- [Problem details]:
Retype the lines below exactly, but only those from the line that has "SAUTE ONIONS. Start" through the line that has "- School card". Omit every picture.

- [Task inputs]:
- - - - -

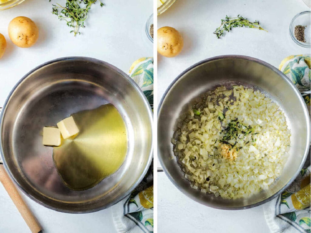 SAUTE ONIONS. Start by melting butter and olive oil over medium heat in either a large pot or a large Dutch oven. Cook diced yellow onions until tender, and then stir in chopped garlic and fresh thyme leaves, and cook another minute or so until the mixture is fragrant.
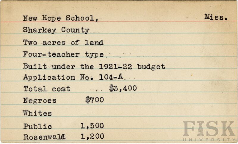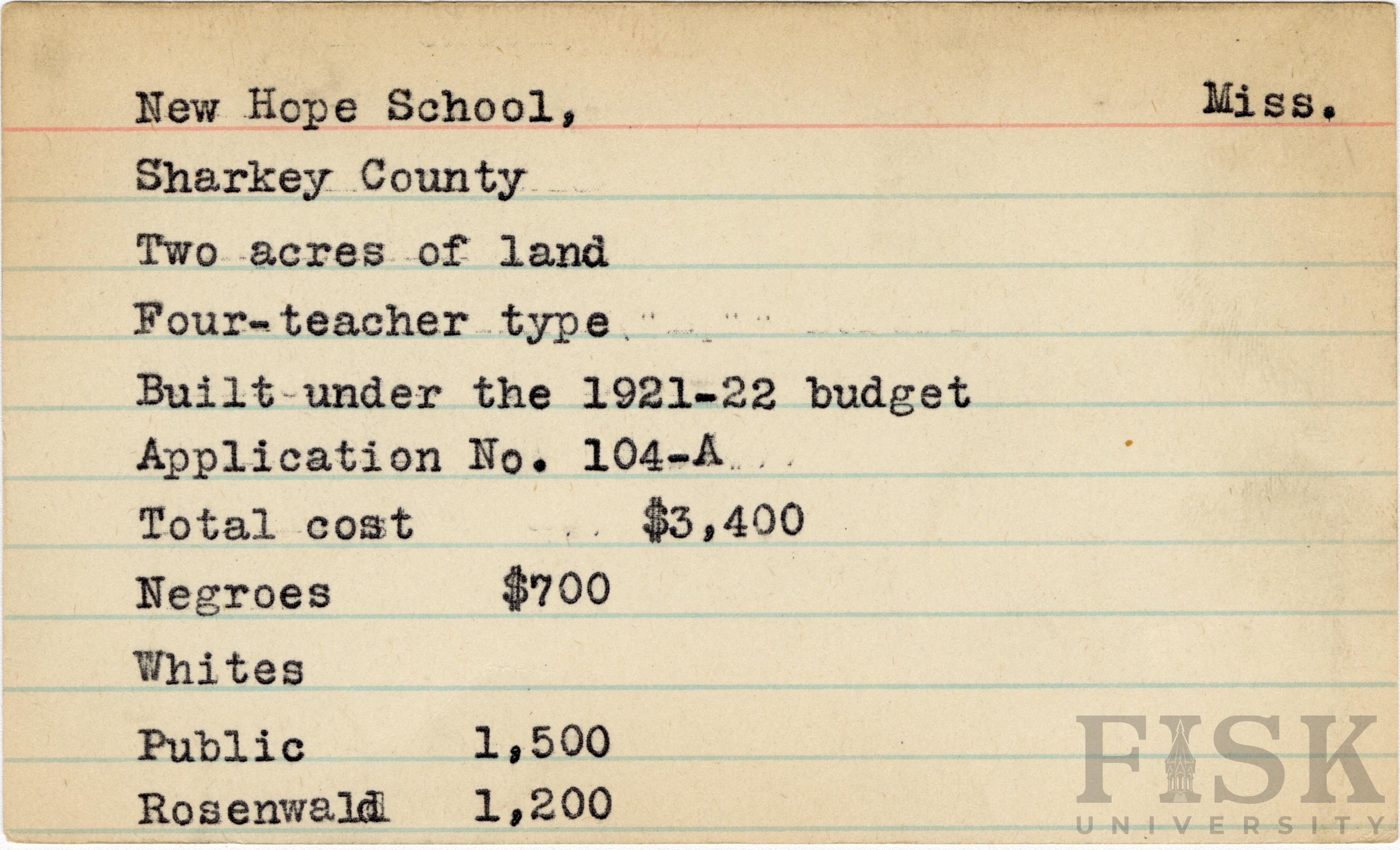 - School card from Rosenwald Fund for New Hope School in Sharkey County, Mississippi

- - - - -

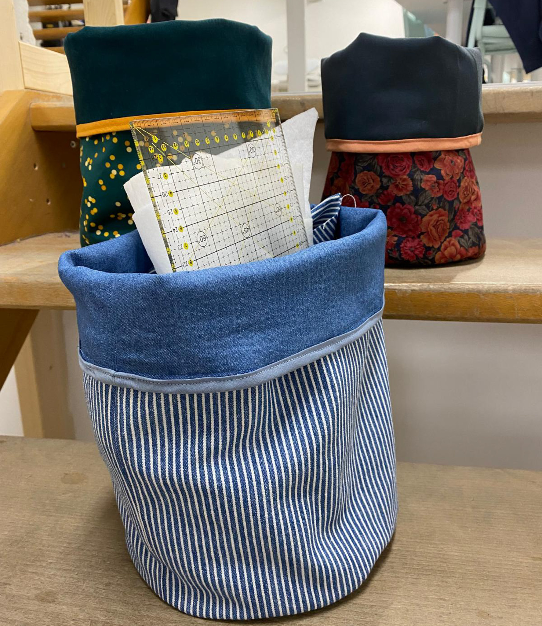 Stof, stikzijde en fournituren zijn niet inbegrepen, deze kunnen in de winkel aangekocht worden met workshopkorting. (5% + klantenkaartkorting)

- - - - -

- [Worked solution]:
 SAUTE ONIONS. Start by melting butter and olive oil over medium heat in either a large pot or a large Dutch oven. Cook diced yellow onions until tender, and then stir in chopped garlic and fresh thyme leaves, and cook another minute or so until the mixture is fragrant.
 - School card from Rosenwald Fund for New Hope School in Sharkey County, Mississippi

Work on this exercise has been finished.